[Opening EXTRACTED INFORMATION section]

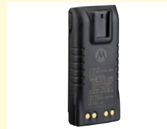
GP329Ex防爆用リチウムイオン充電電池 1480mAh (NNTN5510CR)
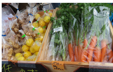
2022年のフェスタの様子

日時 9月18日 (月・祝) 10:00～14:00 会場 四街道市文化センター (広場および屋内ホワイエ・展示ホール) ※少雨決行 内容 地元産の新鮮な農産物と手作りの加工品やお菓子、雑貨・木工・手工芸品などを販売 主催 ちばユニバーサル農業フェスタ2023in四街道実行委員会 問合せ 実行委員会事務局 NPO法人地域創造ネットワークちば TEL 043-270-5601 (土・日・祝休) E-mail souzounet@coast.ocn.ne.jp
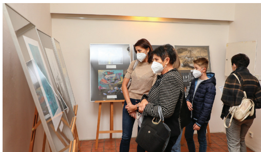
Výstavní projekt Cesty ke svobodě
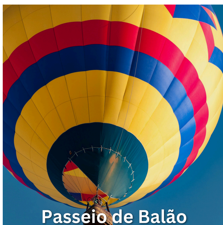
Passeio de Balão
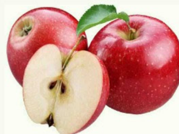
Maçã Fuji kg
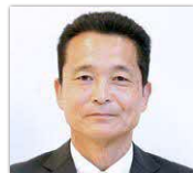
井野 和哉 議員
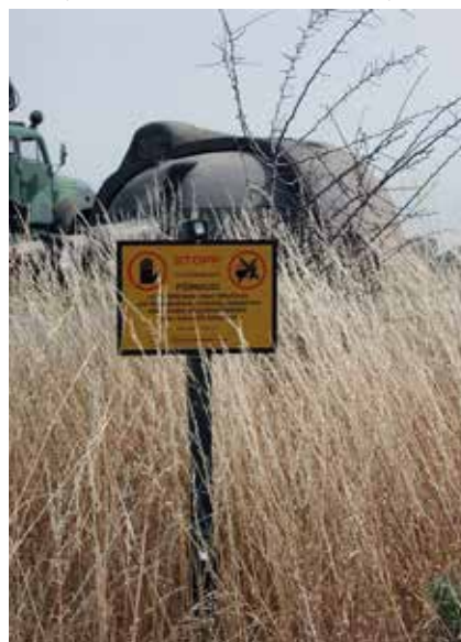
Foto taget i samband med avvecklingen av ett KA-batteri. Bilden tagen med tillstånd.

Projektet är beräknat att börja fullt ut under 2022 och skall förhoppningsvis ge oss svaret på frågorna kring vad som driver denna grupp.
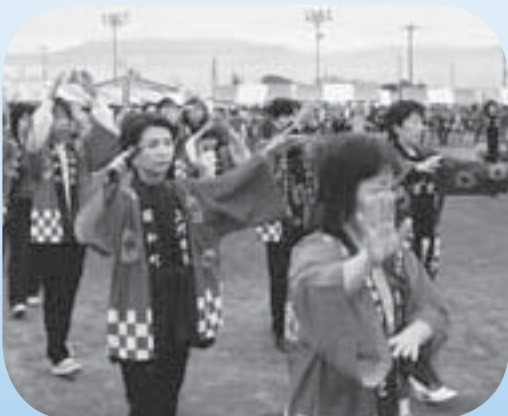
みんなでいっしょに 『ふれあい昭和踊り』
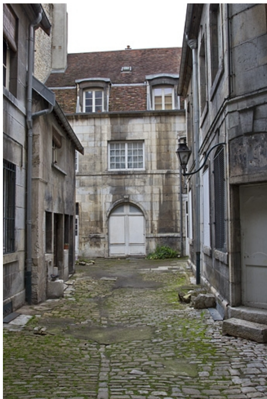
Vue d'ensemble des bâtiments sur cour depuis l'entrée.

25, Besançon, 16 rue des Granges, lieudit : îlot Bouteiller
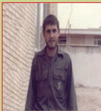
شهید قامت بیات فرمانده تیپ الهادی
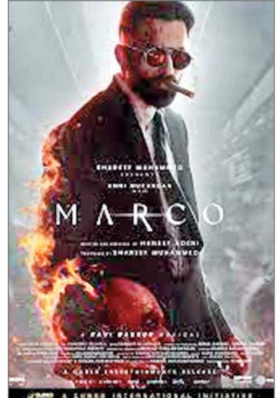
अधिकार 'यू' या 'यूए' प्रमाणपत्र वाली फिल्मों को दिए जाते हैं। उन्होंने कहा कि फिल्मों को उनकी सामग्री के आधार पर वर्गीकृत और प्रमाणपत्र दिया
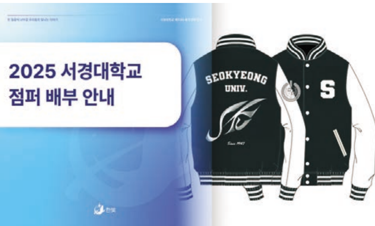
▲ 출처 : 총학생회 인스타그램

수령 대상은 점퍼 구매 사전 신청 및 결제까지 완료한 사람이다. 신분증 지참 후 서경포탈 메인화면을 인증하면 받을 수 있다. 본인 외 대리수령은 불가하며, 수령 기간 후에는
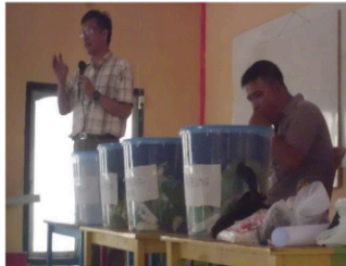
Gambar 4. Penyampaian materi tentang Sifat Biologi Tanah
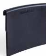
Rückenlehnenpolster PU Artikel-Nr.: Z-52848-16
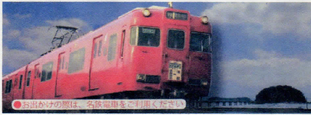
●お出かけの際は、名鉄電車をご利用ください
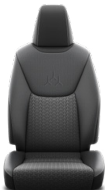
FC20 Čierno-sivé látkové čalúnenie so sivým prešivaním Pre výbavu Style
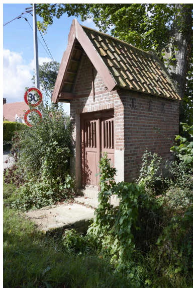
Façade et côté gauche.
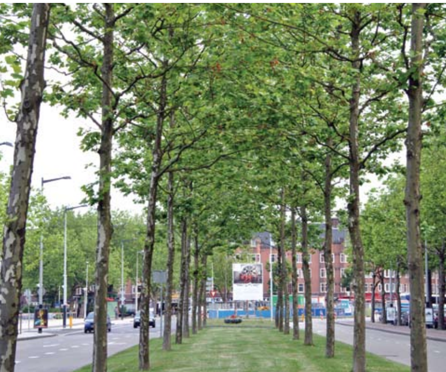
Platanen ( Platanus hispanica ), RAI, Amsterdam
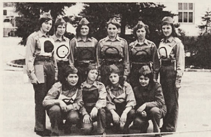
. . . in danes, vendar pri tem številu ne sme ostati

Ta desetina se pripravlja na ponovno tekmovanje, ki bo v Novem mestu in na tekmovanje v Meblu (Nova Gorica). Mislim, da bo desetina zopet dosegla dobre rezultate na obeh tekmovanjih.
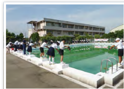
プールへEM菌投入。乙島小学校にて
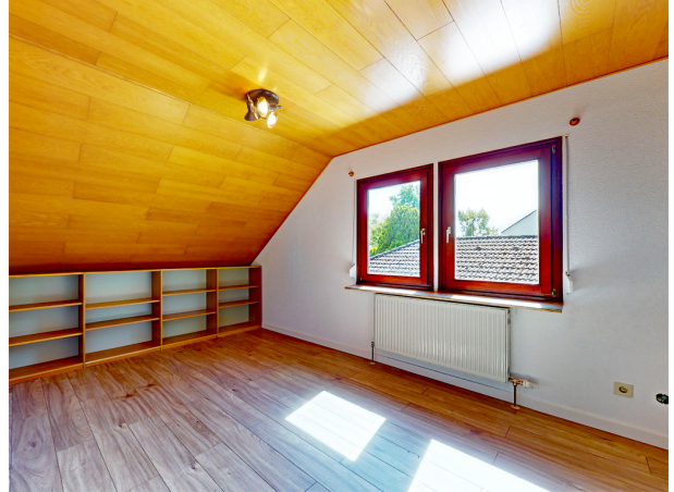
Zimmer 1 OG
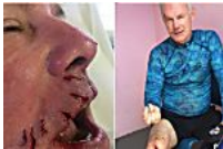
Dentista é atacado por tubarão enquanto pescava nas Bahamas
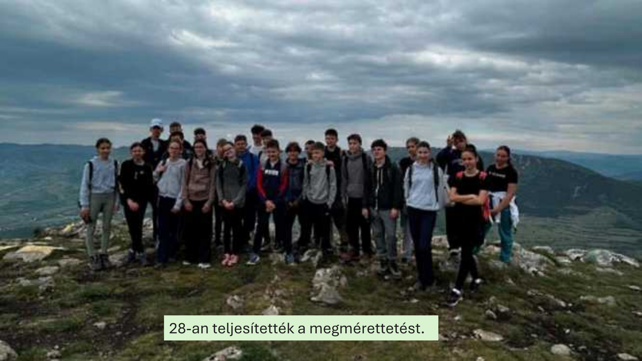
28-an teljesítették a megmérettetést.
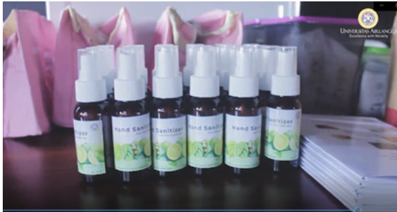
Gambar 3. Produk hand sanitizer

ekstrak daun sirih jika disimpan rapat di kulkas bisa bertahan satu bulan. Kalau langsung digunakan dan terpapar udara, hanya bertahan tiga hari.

[Closing EXTRACTED INFORMATION section]

• **YOUR ASSIGNMENT**: Using the data above, which lines fall from the one with "Foto taget i" through the one with "출처 : 총학생회 인스타그램"? Repeat them exactly, ends included, minus any pictures.

• **SOLUTION TO THIS EXERCISE**:
Foto taget i samband med avvecklingen av ett KA-batteri. Bilden tagen med tillstånd.

Projektet är beräknat att börja fullt ut under 2022 och skall förhoppningsvis ge oss svaret på frågorna kring vad som driver denna grupp.
みんなでいっしょに 『ふれあい昭和踊り』
Vue d'ensemble des bâtiments sur cour depuis l'entrée.

25, Besançon, 16 rue des Granges, lieudit : îlot Bouteiller
شهید قامت بیات فرمانده تیپ الهادی
अधिकार 'यू' या 'यूए' प्रमाणपत्र वाली फिल्मों को दिए जाते हैं। उन्होंने कहा कि फिल्मों को उनकी सामग्री के आधार पर वर्गीकृत और प्रमाणपत्र दिया
▲ 출처 : 총학생회 인스타그램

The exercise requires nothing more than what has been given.